**TRY IT:** Write out the listing below exactly, and omit any images you find in it.

**SOURCE MATERIAL:**
········
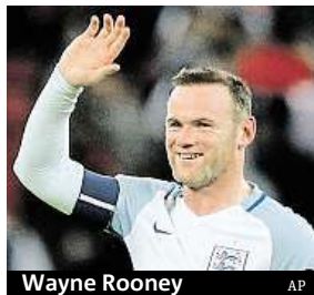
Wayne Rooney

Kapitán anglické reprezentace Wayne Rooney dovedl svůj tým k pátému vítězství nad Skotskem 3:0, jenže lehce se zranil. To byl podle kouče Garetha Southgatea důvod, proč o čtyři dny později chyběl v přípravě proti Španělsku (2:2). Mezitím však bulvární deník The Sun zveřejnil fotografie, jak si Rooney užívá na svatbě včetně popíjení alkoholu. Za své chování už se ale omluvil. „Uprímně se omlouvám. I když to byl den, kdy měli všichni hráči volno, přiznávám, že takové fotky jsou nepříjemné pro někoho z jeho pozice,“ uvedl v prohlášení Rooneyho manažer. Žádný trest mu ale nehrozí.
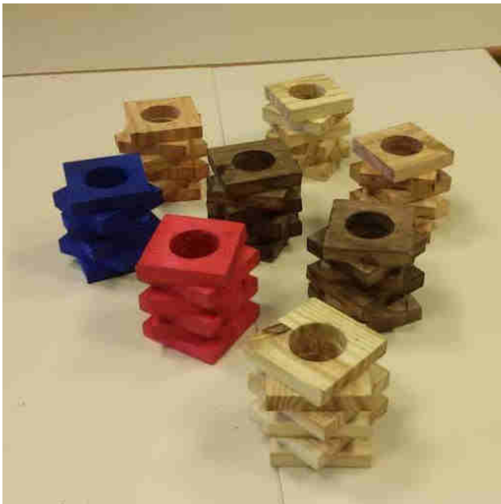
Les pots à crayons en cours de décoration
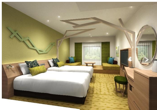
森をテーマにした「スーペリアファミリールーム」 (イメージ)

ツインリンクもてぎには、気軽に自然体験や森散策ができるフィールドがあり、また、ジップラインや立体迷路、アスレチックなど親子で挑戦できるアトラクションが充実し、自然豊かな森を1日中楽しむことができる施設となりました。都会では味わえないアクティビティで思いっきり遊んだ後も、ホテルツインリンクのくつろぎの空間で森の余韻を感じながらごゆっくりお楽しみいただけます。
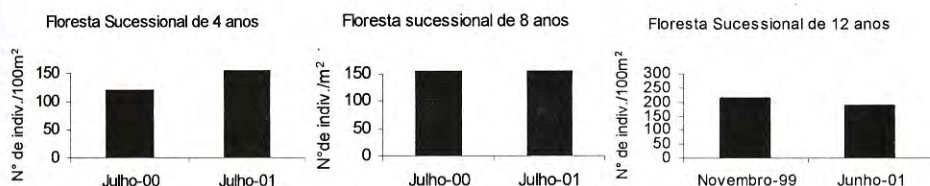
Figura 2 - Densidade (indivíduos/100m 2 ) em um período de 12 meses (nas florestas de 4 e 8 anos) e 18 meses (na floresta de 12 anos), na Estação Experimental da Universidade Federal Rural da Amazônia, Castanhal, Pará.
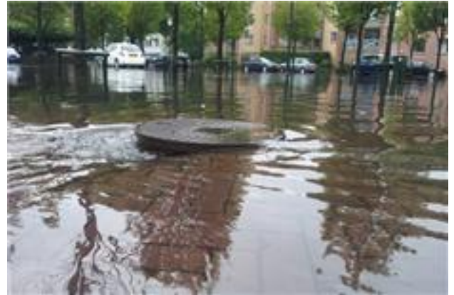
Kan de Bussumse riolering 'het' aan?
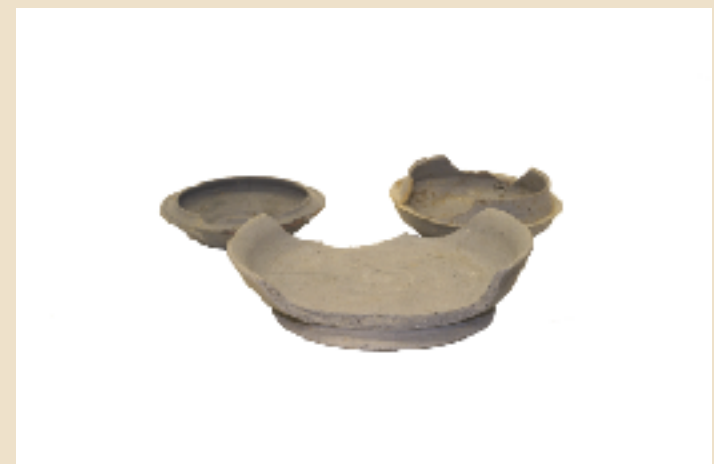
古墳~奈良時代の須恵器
········
**EXPECTED ANSWER:**
Wayne Rooney

Kapitán anglické reprezentace Wayne Rooney dovedl svůj tým k pátému vítězství nad Skotskem 3:0, jenže lehce se zranil. To byl podle kouče Garetha Southgatea důvod, proč o čtyři dny později chyběl v přípravě proti Španělsku (2:2). Mezitím však bulvární deník The Sun zveřejnil fotografie, jak si Rooney užívá na svatbě včetně popíjení alkoholu. Za své chování už se ale omluvil. „Uprímně se omlouvám. I když to byl den, kdy měli všichni hráči volno, přiznávám, že takové fotky jsou nepříjemné pro někoho z jeho pozice,“ uvedl v prohlášení Rooneyho manažer. Žádný trest mu ale nehrozí.
Les pots à crayons en cours de décoration
森をテーマにした「スーペリアファミリールーム」 (イメージ)

ツインリンクもてぎには、気軽に自然体験や森散策ができるフィールドがあり、また、ジップラインや立体迷路、アスレチックなど親子で挑戦できるアトラクションが充実し、自然豊かな森を1日中楽しむことができる施設となりました。都会では味わえないアクティビティで思いっきり遊んだ後も、ホテルツインリンクのくつろぎの空間で森の余韻を感じながらごゆっくりお楽しみいただけます。
Figura 2 - Densidade (indivíduos/100m 2 ) em um período de 12 meses (nas florestas de 4 e 8 anos) e 18 meses (na floresta de 12 anos), na Estação Experimental da Universidade Federal Rural da Amazônia, Castanhal, Pará.
Kan de Bussumse riolering 'het' aan?
古墳~奈良時代の須恵器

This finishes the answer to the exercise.